Turner also built for Buckingham three semi-hollow steel-string Reniassance guitars - cedar or spruce top instruments that Turner describes as "a cross between Tele, a Ramirez classical guitar and a 335," - which has, in effect, its own output, and those outputs can be individually panned in stereo, or easily summed to mono, allowing the Renaissance guitars to drive a guitar synth - where each string is "tracked" by the synth - while simultaneously sending a straight audio signal to a mixing board. The guitars also boast bandpass filters for each string, which filter out unnecessary high frequencies that can cause guitar synths to have trouble "reading" the incoming pitch information.

"We began experimenting with the modified nylon-string on the Out of the Cradle solo tour ten years ago," says Buckingham's longtime tech, Ray Lindsey. "We still wanted the nylon-string to be the primary sound on songs like 'Never Going Back Again,' but we wanted to fill out the sound live. When we started driving the Roland GR-50 synth with the Hex pickups, we found that we could get a doubling sound, or add a steel-string patch, and then even put an effect on that, or run half the signal through an octive doubler. That opened Lindsey up to rearranging songs like 'Big Love,' originally a band number, for solo guitar. Adding the synth patches gave more ambience and more meat to the sound, and that, combined with Lindsey's fingerstyle approach, brought in this orchestra quality that made it possible for him to stand alone and play arrangements that held up without the entire band. That basic approach is slowly getting juicier!"

Of course, not all of Buckingham's sonic tricks require cutting-edge technology. One of his simplest tone-tweaking techniques involves varying the speed of his tape machines, which enables him to goose the high end of an acoustic track or create a very subtle Chipmunks effect, as he does on two of the remarkable instrumental intro cuts from Out of the Cradle, and on the new album's frenetic "Red Rover."

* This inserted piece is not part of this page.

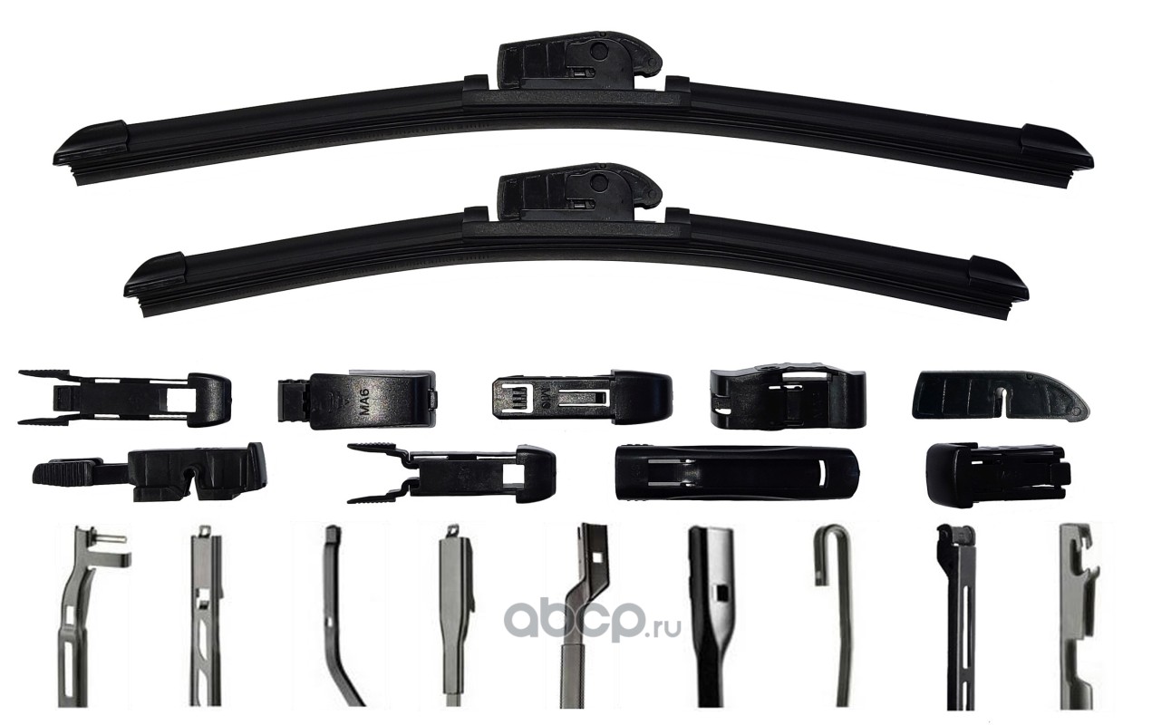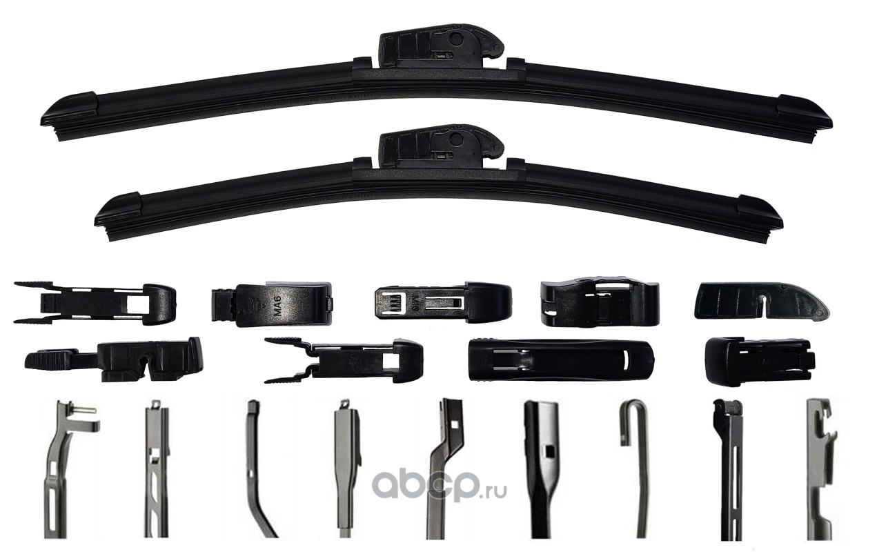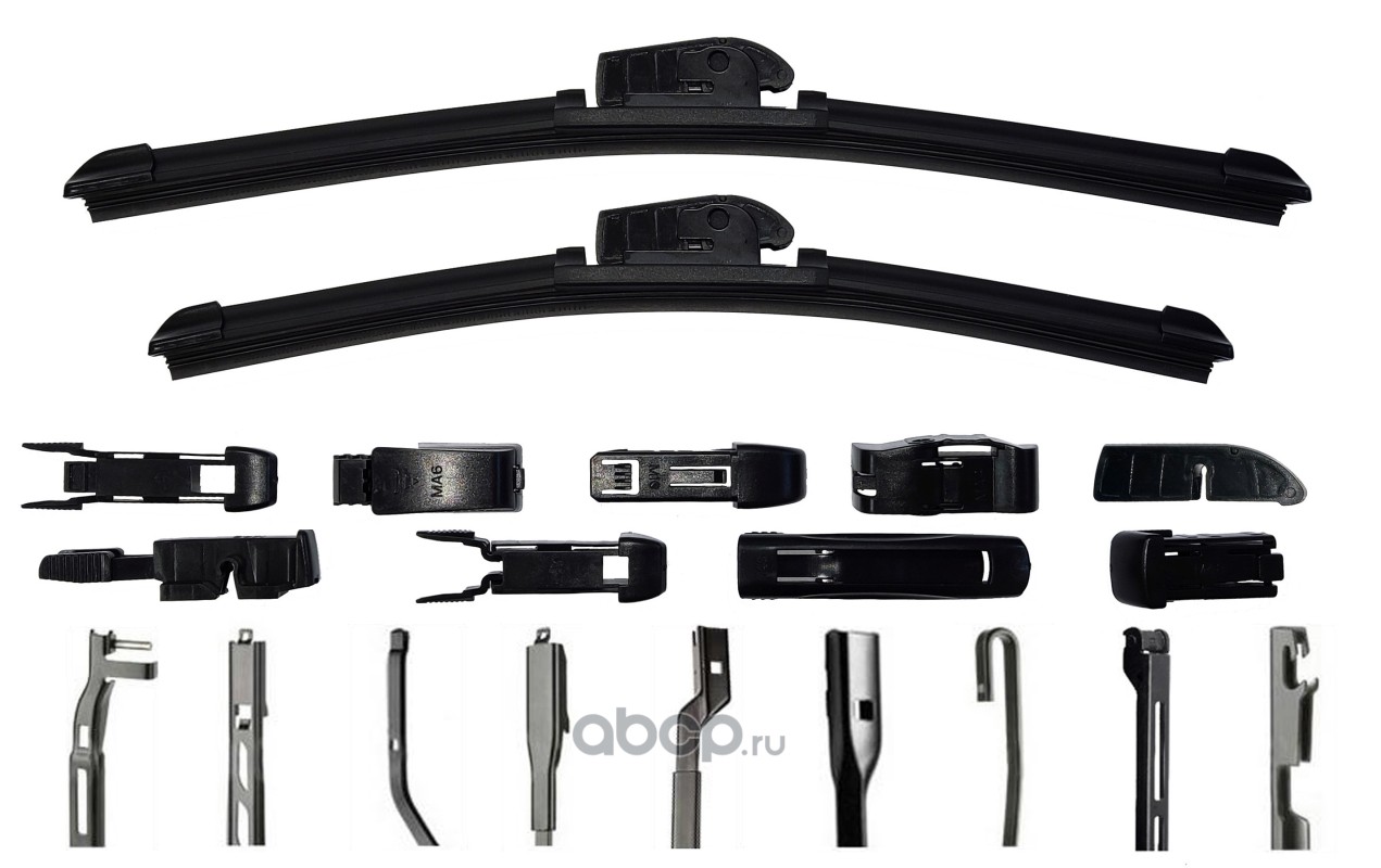 Щетки стеклоочистителя (комплект 500 мм. и 450 мм.), бескаркасные, 9 адаптеров.

"Yeah, that one's probably sped up a little," he says with a smile. "People either like that or they don't. My attitude is that by miniaturizing things slightly, they become a little more perfect, more jewel-like; harmonics tighten up and sound more pure. Even if you play something just a half-step down, bringing it up to pitch is going to make it smaller, shinier. And you can do that for two reasons: to play something technically faster than you really can, or for the quality of the tones. For me, it's usually just for the tones."
 

BIG LOVE

Here is an embarrassing admission: Back in 1977, when rumors of 'Rumours' greatness were certainly not greatly exaggerated, I wanted to be Lindsey Buckingham. (I should add that earlier in my life I wanted to be, at different times, Sandy Koufax and John Steed, the bowler hatted male protagonist of the Avengers.) Lindsey had that wild, cool hair; he had that wild, cool singer girlfriend. Mostly, he was an incredibly original and inventive guitarist who played both electric and acoustic with his fingers. As a
nascent fingerpicker, as well as someone who was bowled over by Lindsey's songwriting,  production skills and, yes, cool appearance, I was one big fan. So much so that I wished I could say goodbye to my own existence as a country blues wannabe, staggering through the twilight period between post pimple adolescence and jaded adulthood, and become Lindsey. Well, this did not happen, and I'm still sad about it. I am, however, happy to report that Lindsey Buckingham is back on our cover, and overjoyed that he has returned to Fleetwood Mac. Lindsey remains the articulate, thoughtful guitar loving person he's always been, and it is clear that he and Guitar World Acoustic Senior Editor James Rotondi got on just famously. To sweeten the Buckingham pot, we've included a transcription of Fleetwood Mac's "Cold Dust Woman" in the issue.

Note: I didn't do the interview personally because I was afraid of discovering that, back in 1977, Lindsey wished he were me.